▸ **Data**:
═══

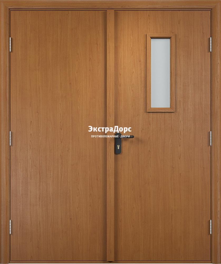 Двупольная противопожарная дверь ДМП-01-30 двухстворчатая со стеклом дуб в Коломне
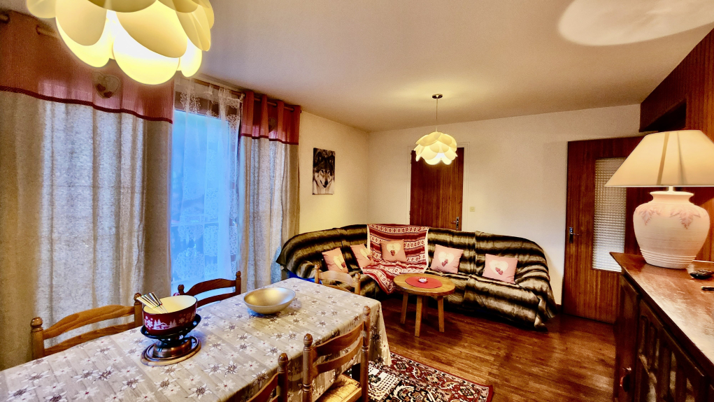 Bel appartement tout confort et très spacieux dans chalet avec quatre chambres, cuisine, séjour/ salle à manger.
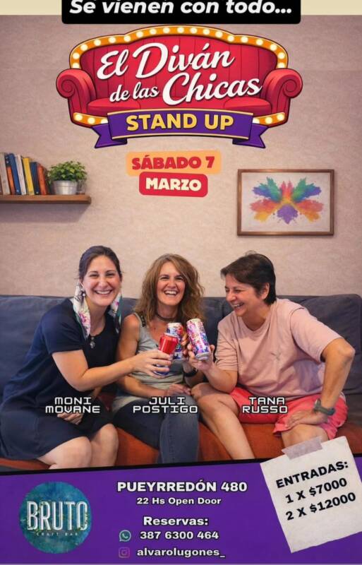 El diván de las chicas Compartí esta obra: sábado 7 de marzo • 22:00 hs Bruto Bar Pueyrredón 480 Salta Llamar al 0387 4516483 Llamar al 0387 4516483 Llamar al 0387 4516483 Llamar al 0387 4516483 Llamar al 0387 4516483 Compartí esta obra: Género: Stand Up Público: Jóvenes y Adultos Entradas: Entrada 1x$7.000 2x$12.000 En venta en boletería del espacio Disponibles en Whatsapp 5493876300464 Comprar online* *Pueden aplicarse comisiones Ficha Técnica En escena: Moni Movane, Juli Postigo y Tana Russo

═══

▸ **Exercise instructions**: Without including any picture, reproduce the material above word for word.

▸ **Solution**:
 Двупольная противопожарная дверь ДМП-01-30 двухстворчатая со стеклом дуб в Коломне
 Bel appartement tout confort et très spacieux dans chalet avec quatre chambres, cuisine, séjour/ salle à manger.
 El diván de las chicas Compartí esta obra: sábado 7 de marzo • 22:00 hs Bruto Bar Pueyrredón 480 Salta Llamar al 0387 4516483 Llamar al 0387 4516483 Llamar al 0387 4516483 Llamar al 0387 4516483 Llamar al 0387 4516483 Compartí esta obra: Género: Stand Up Público: Jóvenes y Adultos Entradas: Entrada 1x$7.000 2x$12.000 En venta en boletería del espacio Disponibles en Whatsapp 5493876300464 Comprar online* *Pueden aplicarse comisiones Ficha Técnica En escena: Moni Movane, Juli Postigo y Tana Russo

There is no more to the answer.